** Supplied material follows **
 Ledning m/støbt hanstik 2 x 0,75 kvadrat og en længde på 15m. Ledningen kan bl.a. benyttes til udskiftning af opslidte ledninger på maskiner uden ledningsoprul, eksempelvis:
** End of Supplied material **
** Supplied material follows **
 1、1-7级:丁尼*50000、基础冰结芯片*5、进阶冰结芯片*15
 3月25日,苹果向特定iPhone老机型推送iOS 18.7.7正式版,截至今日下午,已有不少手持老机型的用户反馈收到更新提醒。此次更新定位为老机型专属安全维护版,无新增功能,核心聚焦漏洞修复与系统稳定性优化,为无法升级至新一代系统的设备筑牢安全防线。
** End of Supplied material **
** Supplied material follows **
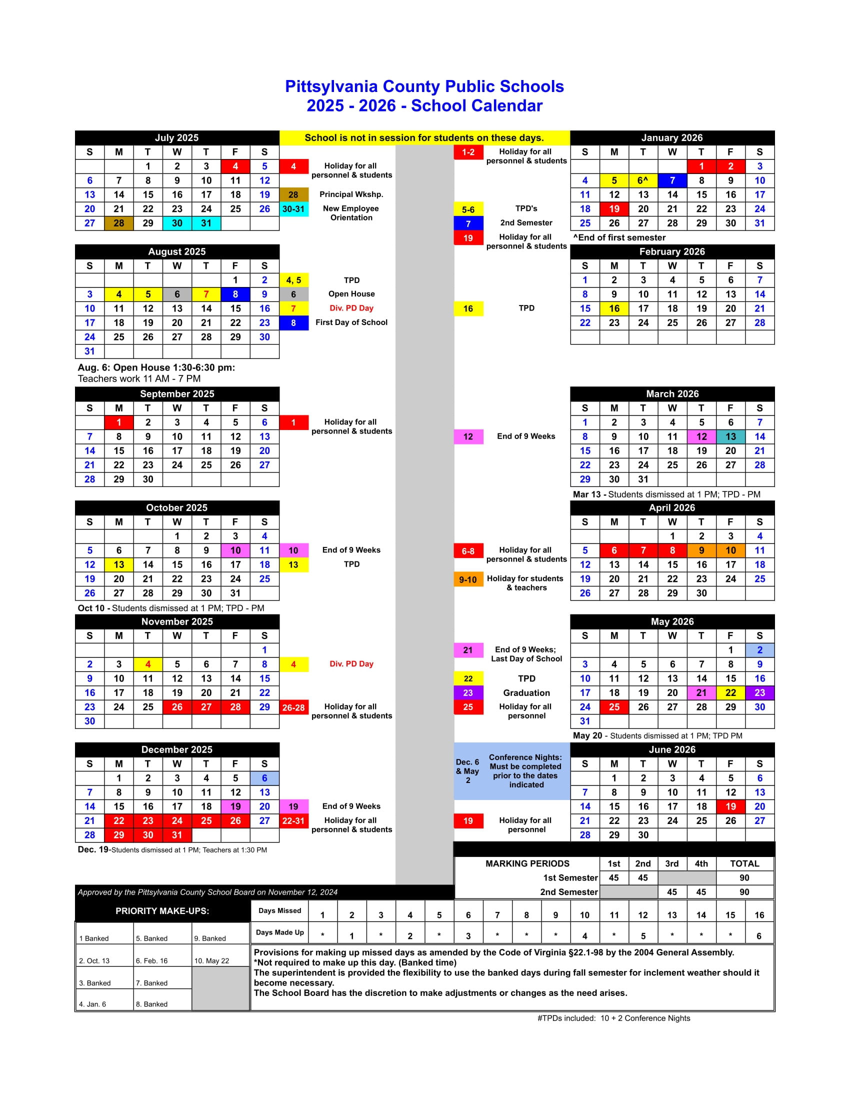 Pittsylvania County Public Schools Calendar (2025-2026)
** End of Supplied material **
# What needs to be done
All that should be written out is the stretch of lines above between the one holding "1、1-7级:丁尼*50000、基础冰结芯片*5、进阶冰结芯片*15" and the one holding "3月25日,苹果向特定iPh", inclusive, exactly as given.

# Result below
 1、1-7级:丁尼*50000、基础冰结芯片*5、进阶冰结芯片*15
 3月25日,苹果向特定iPhone老机型推送iOS 18.7.7正式版,截至今日下午,已有不少手持老机型的用户反馈收到更新提醒。此次更新定位为老机型专属安全维护版,无新增功能,核心聚焦漏洞修复与系统稳定性优化,为无法升级至新一代系统的设备筑牢安全防线。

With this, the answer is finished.